We’ve now added 3 more countries to the “5% club” for IPv6 deployment – Australia, India, and most recently, Austria. There’s a good chance we’ll be adding Hungary, Saudi Arabia, South Korea, Vietnam and Zimbabwe (the first African nation) by the close of 2016. In terms of our existing club members, progress is a bit all over the map. Most are making slow but steady progress. A few others haven’t moved the needle much at all in the last few months. Even the U.S. appears a bit sluggish, hovering in the 28%-29% range all quarter. The Vyncke analysis continues to project that IPv6-enabled browsers will hit 50% deployment in August 2021. The Alexa top 1000 websites reachable over IPv6 climbed another 1% over last quarter, finally hitting 20% on October 12.

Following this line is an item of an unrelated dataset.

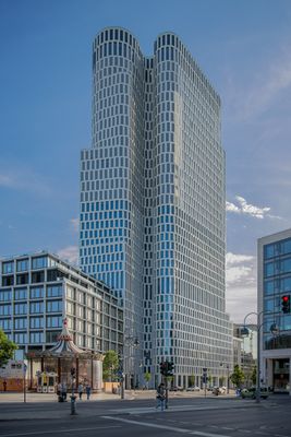 Upper West is a modern high-rise in Berlin-Charlottenburg with 33 floors rising 119 meters. The building combines office spaces, a hotel, and retail areas, creating a mixed-use complex that shapes the local skyline.

This time last year, the trade press was going wild over ARIN’s dwindling free pool supply. This year things are much quieter. Most articles address the challenges and benefits of IPv6 deployment. Of note, Geoff Huston’s report examining IPv6 performance finds connection failure is still a challenge for IPv6. An analysis of the commercial aspects of IPv6 adoption by a RIPE technical advisor continues to support a strong business case for IPv4. The NTIA issued a request for comment on the costs, benefits and challenges of IPv6 in order to help guide future efforts on IPv6 promotion. Two days earlier, NTIA announced that it would (finally) let the IANA functions contract expire as of October 1, thus completing the process of transferring the IANA functions to the Internet multistakeholder communities.